我们在 LVIS v1 [ 44] 上计算标准平均召回率 (AR) 指标。我们将重点放在 LVIS 上,因为它有大量的类别,是一项具有挑战性的测试。我们将其与作为 ViTDet [ 62] 检测器(使用级联掩码 R-CNN [ 48, 11] ViT-H)实现的强大基线进行比较。我们注意到,这一 "基线 "对应的是 "伪装成提案生成器的检测器"(DMP)方法[ 16],该方法已被证明可与 AR 进行博弈,因此这是一项真正高要求的比较。

mask AR@1000 掩码 AR@1000
method 方法 all 一应俱全 small  med. 中。 large  freq. 频率 com. rare 罕见的
ViTDet-H [62] ViTDet-H [ 62] 63.0 51.7 80.8 87.0 63.1 63.3 58.3
zero-shot transfer methods:
零镜头传输方法:
SAM – single out. SAM - 单人出局。 54.9 42.8 76.7 74.4 54.7 59.8 62.0
SAM 59.3 45.5 81.6 86.9 59.1 63.9 65.8
Table 4: Object proposal generation on LVIS v1. SAM is applied zero-shot, i.e. it was not trained for object proposal generation nor did it access LVIS images or annotations.
表 4:在 LVIS v1 上生成对象建议。SAM 是零拍摄应用,即没有经过生成对象建议的训练,也没有访问 LVIS 图像或注释。

Results. 结果

In Table 4 we see unsurprisingly that using the detections from ViTDet-H as object proposals (i.e., the DMP method [16] that games AR) performs the best overall. However, SAM does remarkably well on several metrics. Notably, it outperforms ViTDet-H on medium and large objects, as well as rare and common objects. In fact, SAM only underperforms ViTDet-H on small objects and frequent objects, where ViTDet-H can easily learn LVIS-specific annotation biases since it was trained on LVIS, unlike SAM. We also compare against an ablated ambiguity-unaware version of SAM (“single out.”), which performs significantly worse than SAM on all AR metrics.
从表 4 中我们不难看出,使用 ViTDet-H 的检测结果作为对象建议(即与 AR 游戏相关的 DMP 方法[16])的整体表现最佳。然而,SAM 在几个指标上的表现都非常出色。值得注意的是,它在中型和大型物体以及稀有和常见物体上的表现都优于 ViTDet-H。事实上,SAM 仅在小型物体和常见物体上的表现不如 ViTDet-H,而 ViTDet-H 可以很容易地学习 LVIS 特有的注释偏差,因为 ViTDet-H 是在 LVIS 上训练出来的,这一点与 SAM 不同。我们还将其与 SAM 的不感知歧义版本("single out.")进行了比较,后者在所有 AR 指标上的表现都明显不如 SAM。

7.4 Zero-Shot Instance Segmentation
7.4 零镜头实例分割

Approach. 方法。

Moving to higher-level vision, we use SAM as the segmentation module of an instance segmenter. The implementation is simple: we run a object detector (the ViTDet used before) and prompt SAM with its output boxes. This illustrates composing SAM in a larger system.
在更高层次的视觉方面,我们将 SAM 用作实例分割器的分割模块。实现方法很简单:我们运行一个对象检测器(之前使用过的 ViTDet),然后用其输出框提示 SAM。

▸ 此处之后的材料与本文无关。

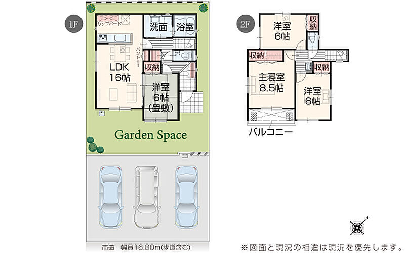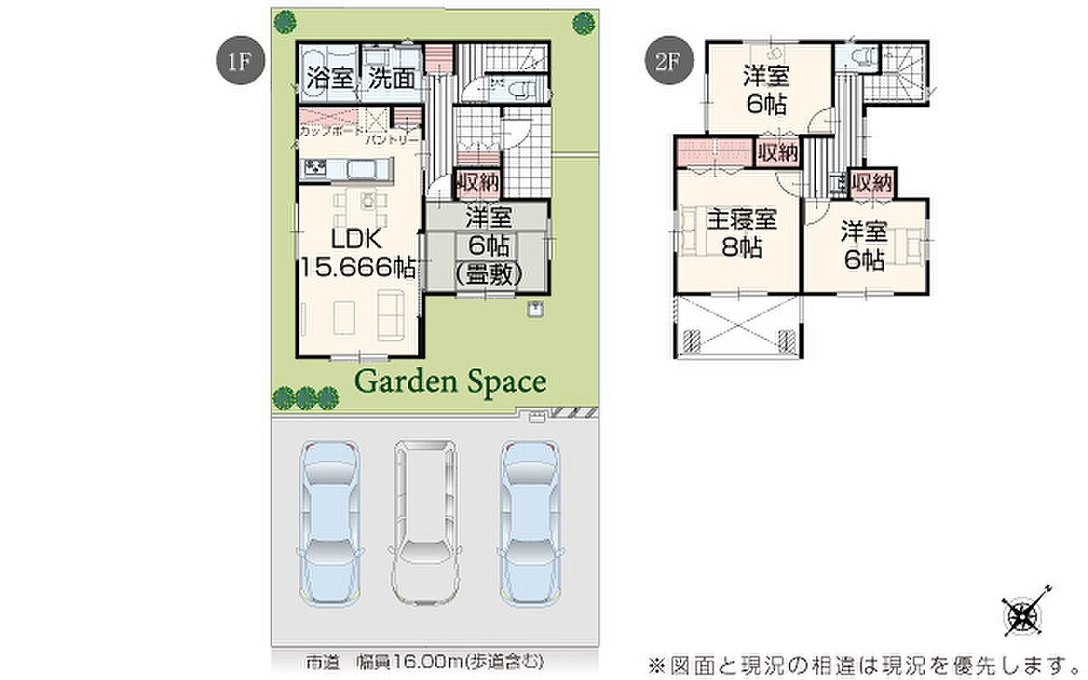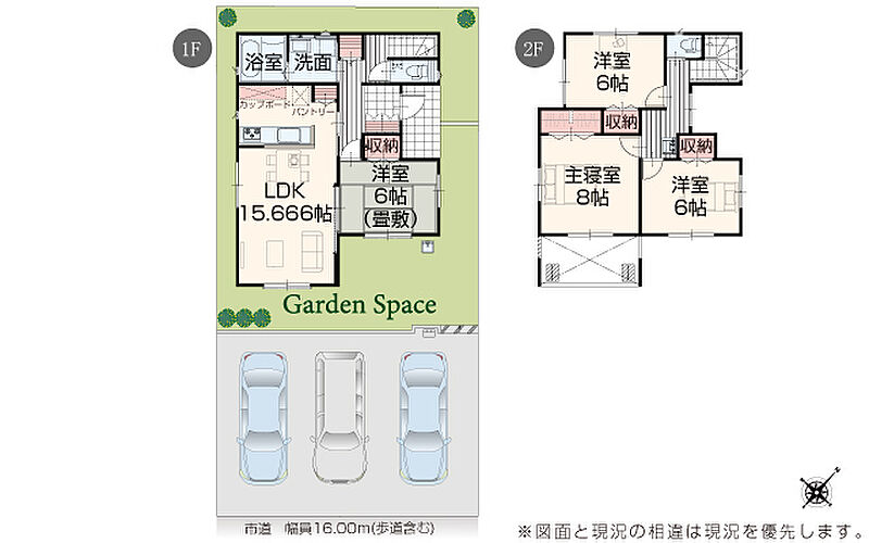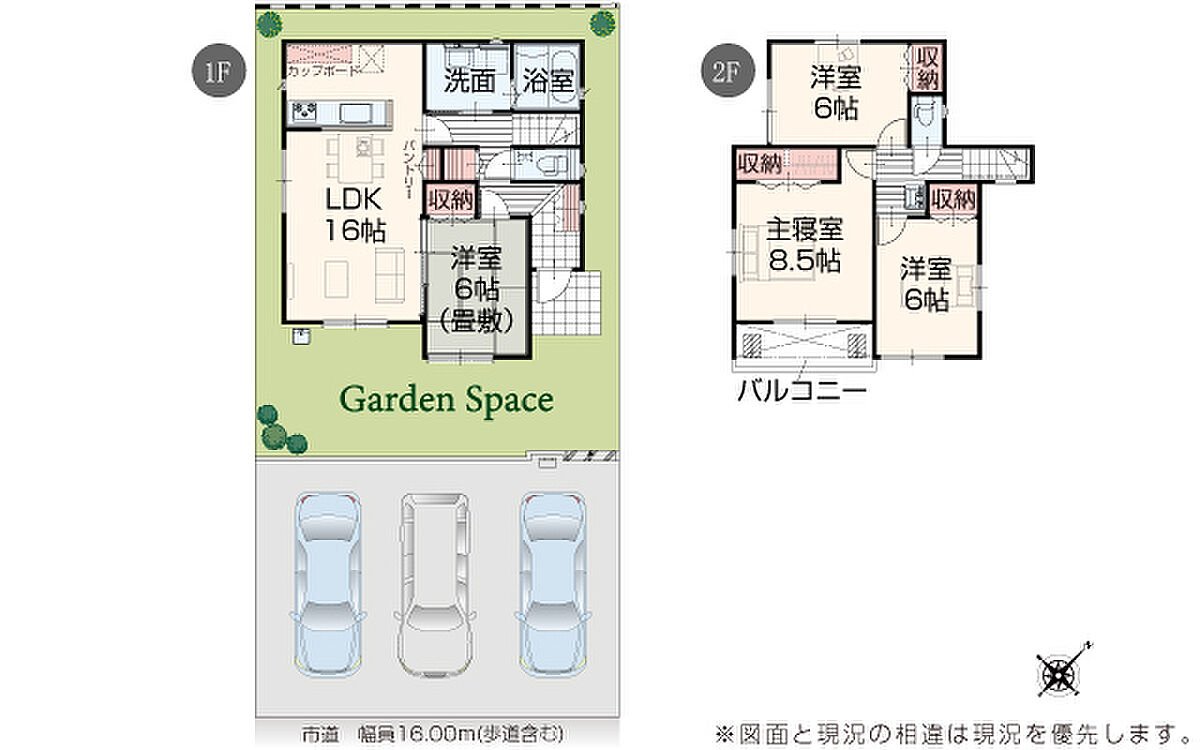 | 駐車場 | 3台 | 道路の幅員 | 道路幅 16.00 m アスファルト舗装 |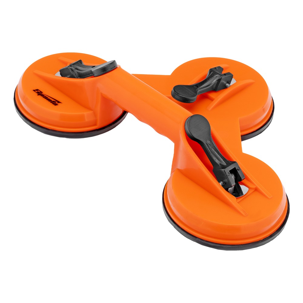 Тройной пластиковый стеклодомкрат Sparta 875156 — устройство для удержания, переноски и установки зеркал, стекол, столешниц, кафельной плитки и других гладких материалов. Три вакуумные присоски имеют зажимы, которые бережно, но крепко фиксируют их на поверхности. Стеклодомкрат будет полезен во время ремонта, а также пригодится в быту.ПреимуществаПрочность и надежность — корпус из противоударного пластика и присоски для стекол рассчитаны на длительное использование.Эффективное применение — 3 присоски для переноски стекла позволяют длительное время удерживать груз весом до 120 кг.Комфорт в работе — эргономичную рукоятку удобно держать в руках во время перемещения предметов.

这说明了如何将 SAM 组合到一个更大的系统中。

Results. 结果

We compare the masks predicted by SAM and ViTDet on COCO and LVIS in Table 5. Looking at the mask AP metric we observe gaps on both datasets, where SAM is reasonably close, though certainly behind ViTDet. By visualizing outputs, we observed that SAM masks are often qualitatively better than those of ViTDet, with crisper boundaries (see §D.4 and Fig. 16). To investigate this observation, we conducted an additional human study asking annotators to rate the ViTDet masks and SAM masks on the 1 to 10 quality scale used before. In Fig. 11 we observe that SAM consistently outperforms ViTDet in the human study.
表 5 比较了 SAM 和 ViTDet 在 COCO 和 LVIS 上预测的掩码。通过观察掩码 AP 指标,我们发现在这两个数据集上都存在差距,其中 SAM 与 ViTDet 相当接近,但肯定落后于 ViTDet。 通过可视化输出,我们观察到 SAM 的掩码通常比 ViTDet 的掩码质量更好,边界更清晰(见第 D.4 节和图 16)。为了研究这一观察结果,我们又进行了一项人工研究,要求注释者按照之前使用的 1 到 10 的质量等级对 ViTDet 掩膜和 SAM 掩膜进行评分。在图 11 中,我们发现 SAM 在人类研究中的表现始终优于 ViTDet。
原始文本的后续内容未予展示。